“肖萌,你帮我一个忙。”
“你说。”
“你是行政部的,能调到上周三下午的考勤记录和会议室使用记录吗?”
“能。”
“调出来。另外,苏婉晴的报销记录——那十七次酒店的,你手上有吗?”
肖萌眼睛亮了。
“有。你终于要用了?”
“不是用来攻击她的。是用来防身的。如果她咬我,我需要让郑浩南知道,她的可信度有问题。”
“明白。

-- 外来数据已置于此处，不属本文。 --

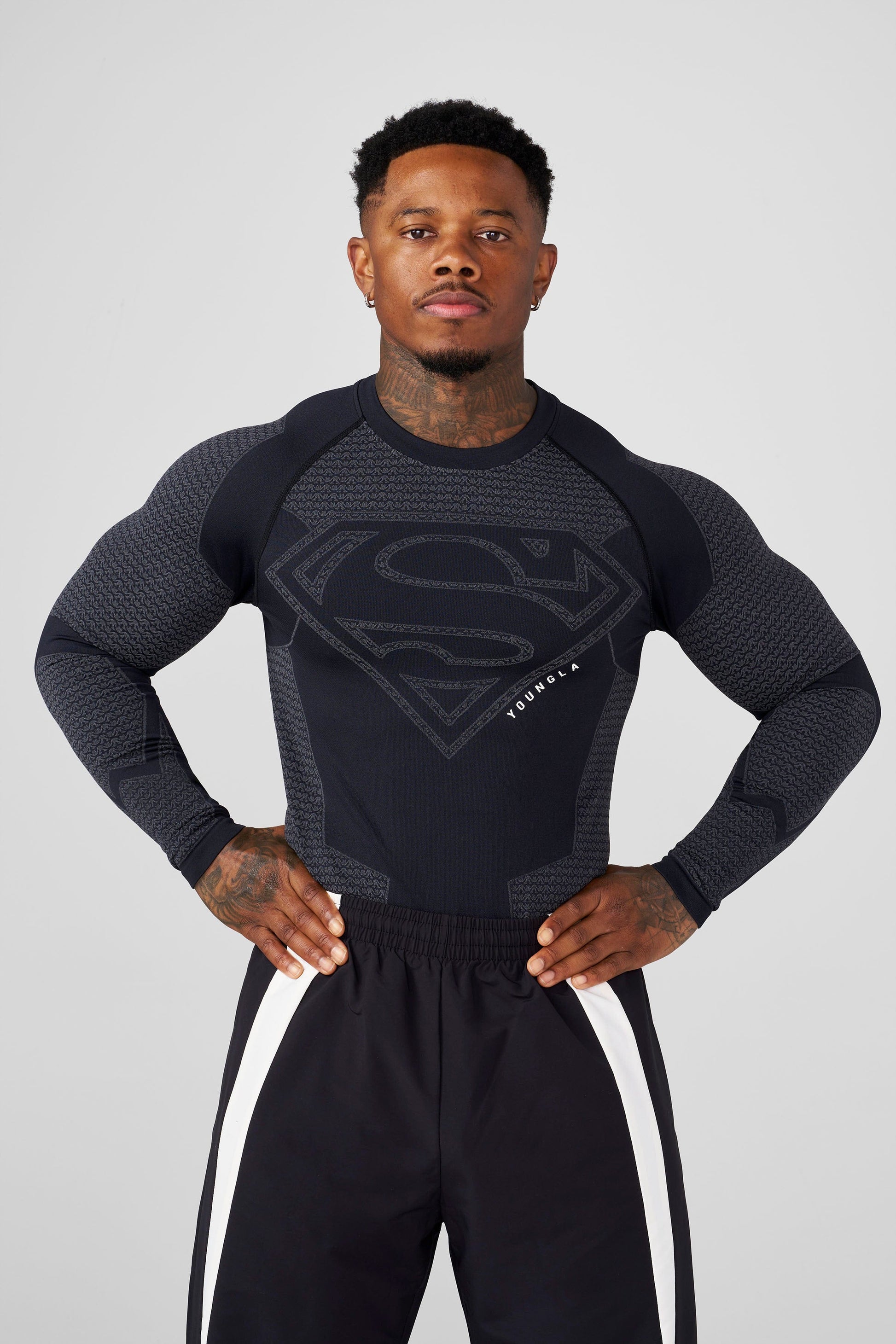 DESIGN: Long sleeve compression top designed to contour the upper body with a second-skin feel. Features full-length sleeves for added coverage, sculpted paneling for a structured look, and bold Superman chest graphic as part of the official YoungLA collaboration with Superman and DC Comics.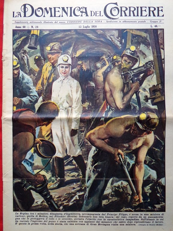 Elisabetta d'Inghilterra, accompagnata dal Principe Filippo è scesa in una miniera di carbone, quella di Rothes, nel Fifeshire (Scozia), fra gli applausi dei minatori. È questa la prima volta, nella storia, che una sovrana di Gran Bretagna visita una miniera (Walter Molino)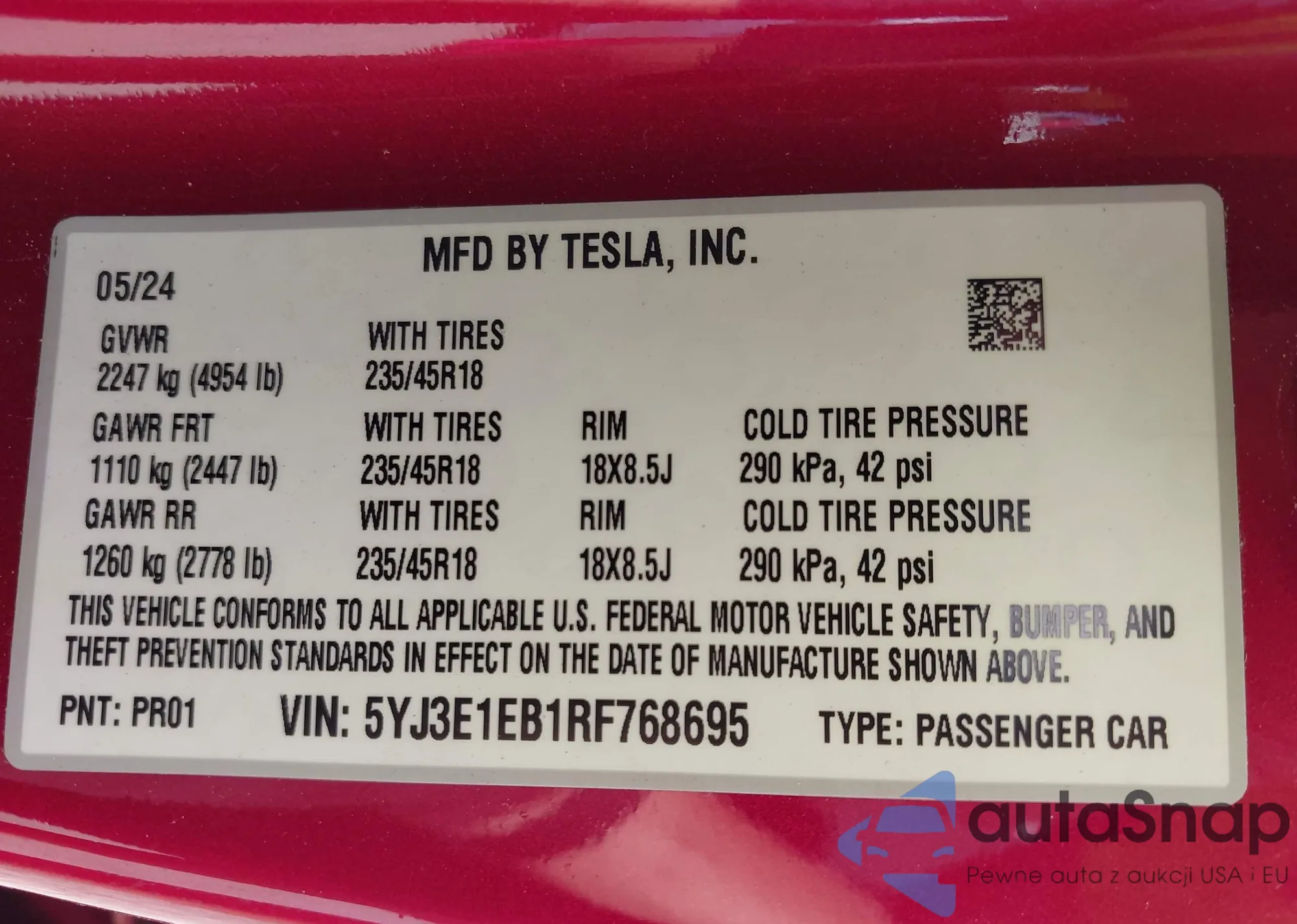 • VIN 5YJ3E1EB1RF768695

”
那天晚上,我没有回家。
我坐在公司的茶水间,整理了所有的对接记录、邮件往来、翻译稿件。
每一份文件都有时间戳和收发记录。
我和方远的真实聊天记录全在企业微信上,有服务器备份。
苏婉晴可以伪造截图,但她改不了服务器数据。
十一点,我的手机响了。
顾辰洲。
“听说你被举报了。”
“消息真快。”
“方远跟我说的。你需要帮忙吗?”
“不需要。我自己能处理。”
“你确定?”
“确定。”
“好。如果你处理不了,告诉我。”
“不会有那一天。”
挂了电话,我继续整理材料。
年糕今晚没人喂了。
我给肖萌发了条消息:“帮我去我家喂年糕。钥匙在门垫下面。”
“收到!年糕交给我!你加油打仗!”
第二天早上八点半,我走进了郑浩南的办公室。"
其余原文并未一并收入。